Superb post anewnamechanger. Thanks

Concordia · 26/10/2011 23:21

Just wanted to say, i'm not a person who usually has much to do wtih the police (thankfully) but if i did i would probably be extremely stressed about whatever was happening and you would be exactly the kind of person i would most want to be dealing with me.
i totally understand your feelings at work (i'm a bit like that myself) but i think you should hang in there.
try to remember, even write down, positive things others have said about you and your work and read them through occcasionally.
i think it will get easier - like others have said 2 years in for any job is probably about right.
i suspect it's a working environment with a lot of bravado, no need to compete imo.

Jux · 27/10/2011 00:00

I think you're fantastic, and just what the police as an organisation need.

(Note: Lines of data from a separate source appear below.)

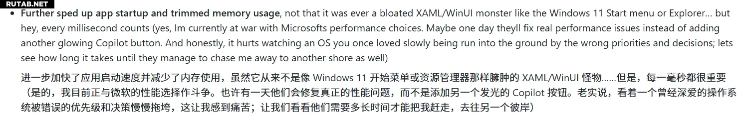 «[Мы] ещё больше ускорили запуск приложения и снизили использование памяти. Оно никогда не было таким раздутым XAML/WinUI-монстром, как меню «Пуск» или проводник в Windows 11... Но каждая миллисекунда имеет значение».
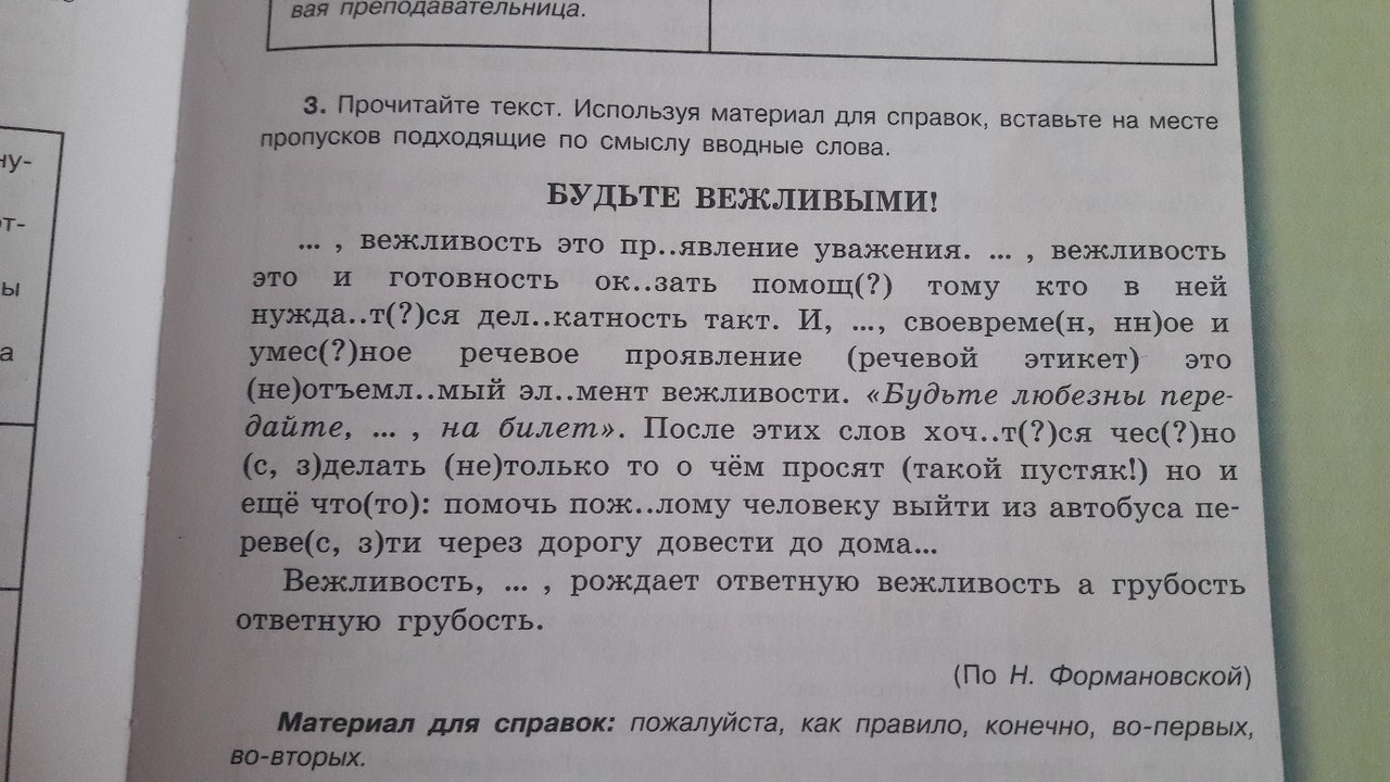 Прочитайте текст. Используя материал для справок, вставьте на месте пропусков подходящие по смыслу вводные слова.
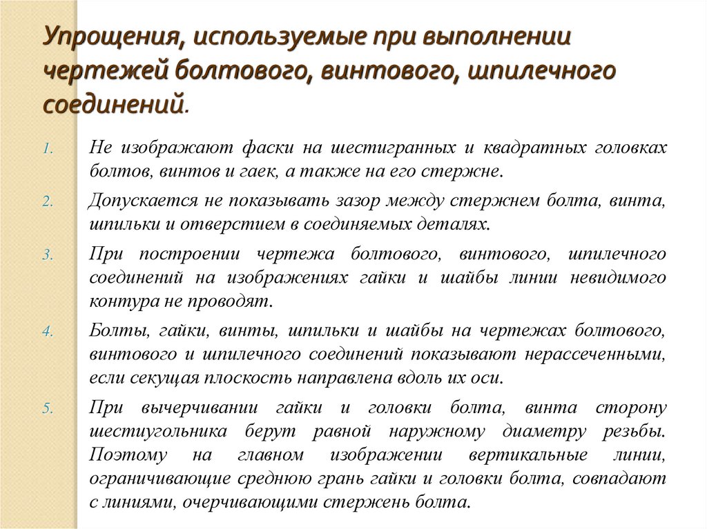 54. Упрощения, используемые при выполнении чертежей болтового, винтового, шпилечного соединений.

You're not typical (certainly don't seem to be) and thank goodness for that.

When I started at Uni I was convinced there'd been a mistake and I spent the whole of my first year waiting for the tap on the shoulder and the words "Sorry, Jux, we didn't mean you, we meant a different Jux, off you go now". This, despite the admissions officer on our first day, telling us that not one of us was there by mistake; that he didn't make mistakes; that every single one of us was there because we were entitled to be there, had passed all the tests required and were wanted there.

I finally admitted it to some friends sometime in my 3rd year. Every single one of them had spent their first year thinking they weren't really meant to be there either! These were confident, obviously highly intelligent people. We were all in our 30s.

The point is, that you may feel you aren't up to it, but no one else thinks that. You'd soon know about it if they did. And you have no way of knowing whether they don't all feel that they are lacking and not up to it, either.

I think that just by doing the job, you will prove to yourself that you're fit for it. What you may need to decide (a bit further down the line) is whether it is fit for you, whether you find it satisfying and challenging enough for you, whether it is good enough for you, whether you want to do it or want to do something else.

That all comes later, though. In the meantime, continue to do your job, continue to show yourself that you can do your job; tell yourself that most likely a lot of the others feel the same as you. They may put on hard fronts, but I bet loads of them are jelly underneath.